What needs to be done:
What you write must match, character for character, the lines from the one with "Riobamba, Ecuador, 1998." down to the one with "Achte darauf, dass" in the listing below, minus its pictures.

Task data:
——
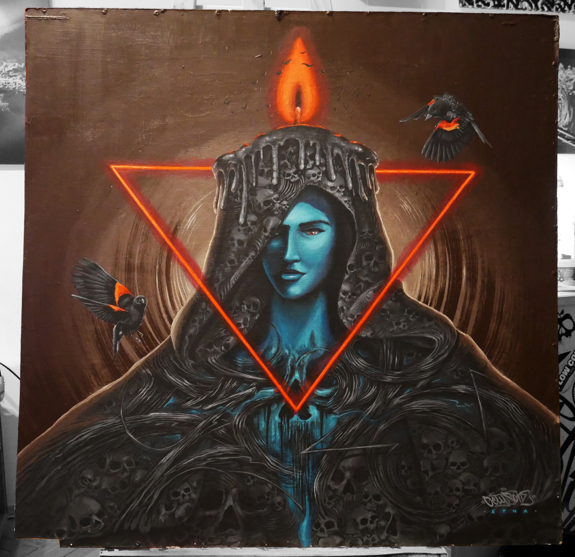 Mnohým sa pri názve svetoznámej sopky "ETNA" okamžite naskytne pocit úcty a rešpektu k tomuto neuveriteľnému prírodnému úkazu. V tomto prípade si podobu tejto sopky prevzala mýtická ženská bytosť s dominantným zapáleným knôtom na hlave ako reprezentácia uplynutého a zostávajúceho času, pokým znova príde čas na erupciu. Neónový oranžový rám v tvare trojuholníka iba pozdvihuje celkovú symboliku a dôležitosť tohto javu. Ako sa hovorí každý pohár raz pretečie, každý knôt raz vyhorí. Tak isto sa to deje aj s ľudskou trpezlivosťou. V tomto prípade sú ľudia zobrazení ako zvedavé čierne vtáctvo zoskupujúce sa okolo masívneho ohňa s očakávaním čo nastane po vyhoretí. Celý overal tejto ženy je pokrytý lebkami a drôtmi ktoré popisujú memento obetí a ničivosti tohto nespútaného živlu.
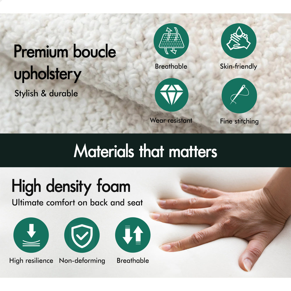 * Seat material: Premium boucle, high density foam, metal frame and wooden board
——
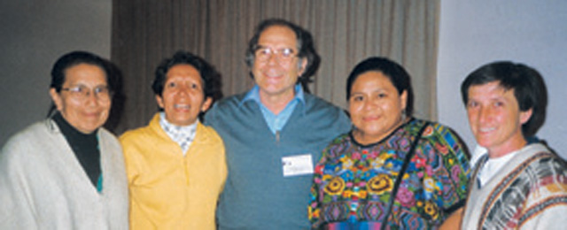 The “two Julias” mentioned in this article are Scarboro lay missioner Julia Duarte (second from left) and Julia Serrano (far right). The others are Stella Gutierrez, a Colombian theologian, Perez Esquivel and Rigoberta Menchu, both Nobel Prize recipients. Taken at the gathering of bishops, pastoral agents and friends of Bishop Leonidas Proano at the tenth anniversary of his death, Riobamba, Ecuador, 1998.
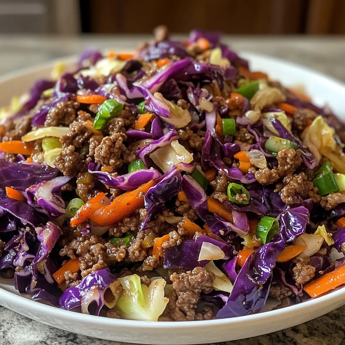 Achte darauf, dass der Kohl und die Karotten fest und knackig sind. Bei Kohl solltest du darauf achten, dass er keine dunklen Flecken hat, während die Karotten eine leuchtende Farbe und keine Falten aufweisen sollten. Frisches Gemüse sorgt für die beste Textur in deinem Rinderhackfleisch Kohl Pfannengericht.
——
Written response:
 The “two Julias” mentioned in this article are Scarboro lay missioner Julia Duarte (second from left) and Julia Serrano (far right). The others are Stella Gutierrez, a Colombian theologian, Perez Esquivel and Rigoberta Menchu, both Nobel Prize recipients. Taken at the gathering of bishops, pastoral agents and friends of Bishop Leonidas Proano at the tenth anniversary of his death, Riobamba, Ecuador, 1998.
 Achte darauf, dass der Kohl und die Karotten fest und knackig sind. Bei Kohl solltest du darauf achten, dass er keine dunklen Flecken hat, während die Karotten eine leuchtende Farbe und keine Falten aufweisen sollten. Frisches Gemüse sorgt für die beste Textur in deinem Rinderhackfleisch Kohl Pfannengericht.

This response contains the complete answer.